Ia memandangi mikrofon kecil yang biasa dipakainya, lalu menutupnya dengan kain hitam. Seolah ingin berkata, “Diam dulu, ya.”
Hari-hari berikutnya jadi sepi. Tak ada rekaman. Tak ada unggahan. Grup Teman Pagi pun sunyi. Raka sempat mengirim pesan:
“Lo oke, Dit?”
Tapi Aditya hanya membalas dengan emoji jempol. Satu-satunya suara yang terdengar adalah suara gurunya di kelas, suara notifikasi PR, dan suara kecemasan yang makin besar dalam dirinya.
Minggu sore, Bu Ratih datang ke rumah. Ia duduk di teras bersama nenek Aditya. Mereka bicara pelan. Aku diletakkan di kursi samping, bisa mendengar sepenuhnya.
“Saya nggak datang sebagai guru BK, tapi sebagai seseorang yang tahu Aditya punya potensi,” kata Bu Ratih.
Neneknya menatap ragu. “Tapi saya khawatir. Dia terlalu terbuka. Dunia nggak selalu ramah.”
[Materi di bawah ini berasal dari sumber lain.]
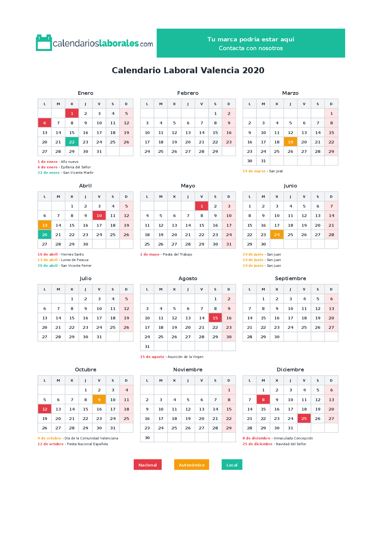 Puedes consultar también el calendario laboral completo de Comunidad Valenciana 2020 o el calendario laboral de España para conocer el detalle nacional.

“Saya mengerti. Tapi mungkin kita bisa bantu dia belajar membatasi, bukan mematikan.”
Nenek Aditya akhirnya bicara. “Anak ini baru mulai ngerti dirinya, Bu. Kalau sekarang kita paksa dia diam... takutnya nanti dia lupa gimana caranya ngomong lagi.”
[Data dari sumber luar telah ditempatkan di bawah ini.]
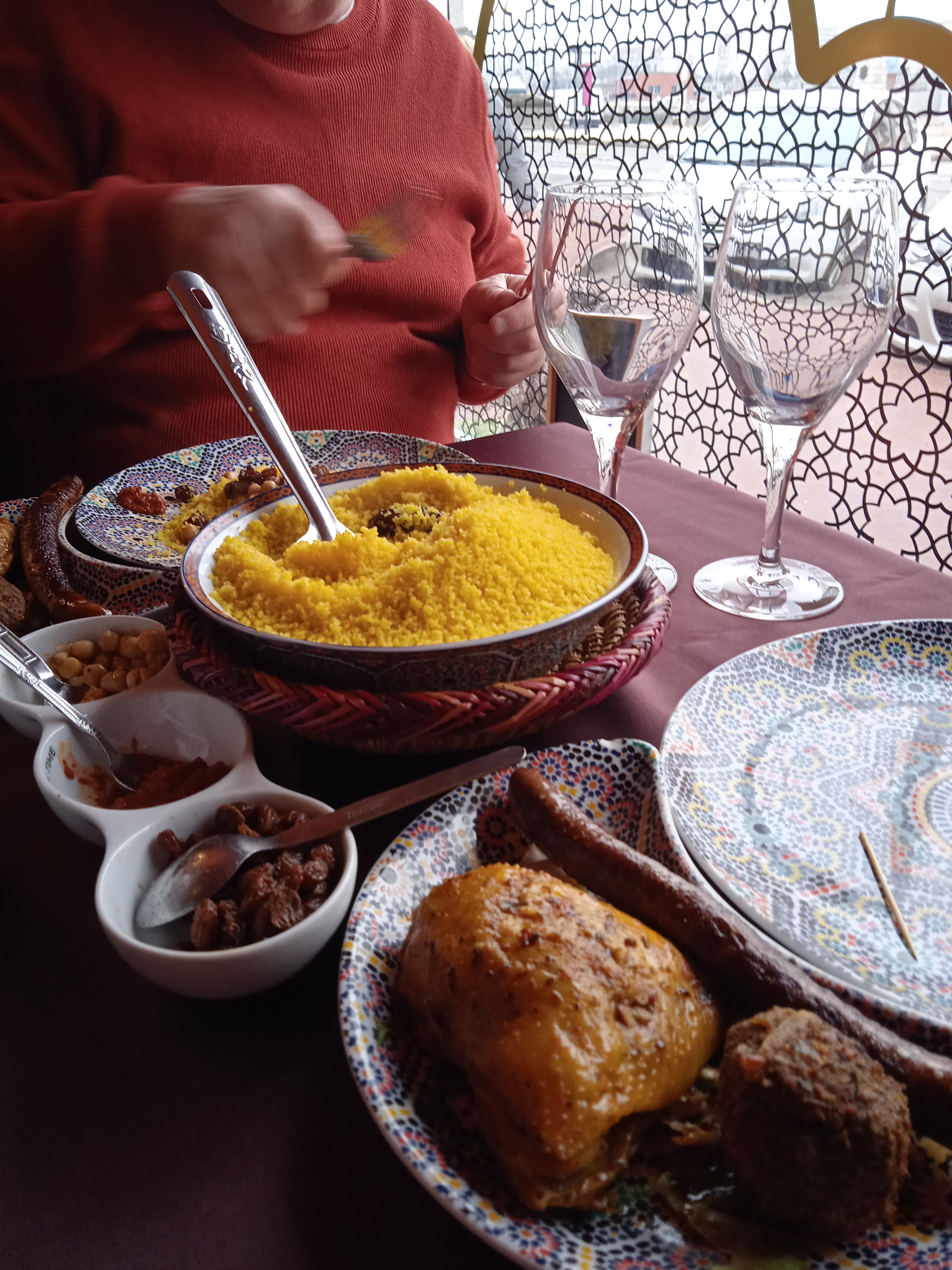 Le couscous royal est fin c'est un délice. Les pâtisseries ne sont pas faites maison mais c'est un régal quand même. Accueil très agréable. Je vous conseille top !

Kalimat itu tak disambut dengan balasan. Hanya hening. Tapi kadang, diam adalah titik temu.
Malam harinya, Aditya menyalakan laptop. Ia membuka folder Teman Pagi. Tapi tidak untuk unggah.
Ia membuat catatan baru:
“Hal-hal yang Nggak Bisa Gue Kontrol”
Komentar orang lain.
Persepsi publik.
Ketakutan orang tua.
Reaksi sekolah.
Masa lalu orang yang bercerita.
Lalu ia buka catatan berikutnya:
“Hal-hal yang Masih Bisa Gue Pilih”
Terus jadi ruang dengerin orang.
Ngejaga temen yang udah percaya.
Belajar jujur tanpa nyakitin.
Pelan-pelan ngejelasin ke orang rumah.
Nggak berhenti jadi diri sendiri.
Pagi Senin, ia datang ke sekolah tanpa mikrofon. Tapi ada seberkas cahaya dalam langkahnya. Ia menulis di papan pengumuman komunitas:
“Teman Pagi vakum sejenak. Tapi ruang ini tetap ada. Bukan di podcast. Tapi di kantin, taman belakang, atau lorong sepi. Kalau kamu butuh cerita, cukup bilang: ‘Pagi’. Kita dengerin bareng-bareng.”
Di perutku, ada catatan kecil yang ia selipkan diam-diam:
“Kalau suara gue terlalu nyaring buat mereka, nggak apa-apa. Gue bisa pelan-pelan. Tapi gue nggak akan sepenuhnya diam.”
Dan aku, si ransel hitam, akan terus ikut ke mana pun ia melangkah. Meski tak lagi bising oleh rekaman, tapi tetap penuh oleh makna.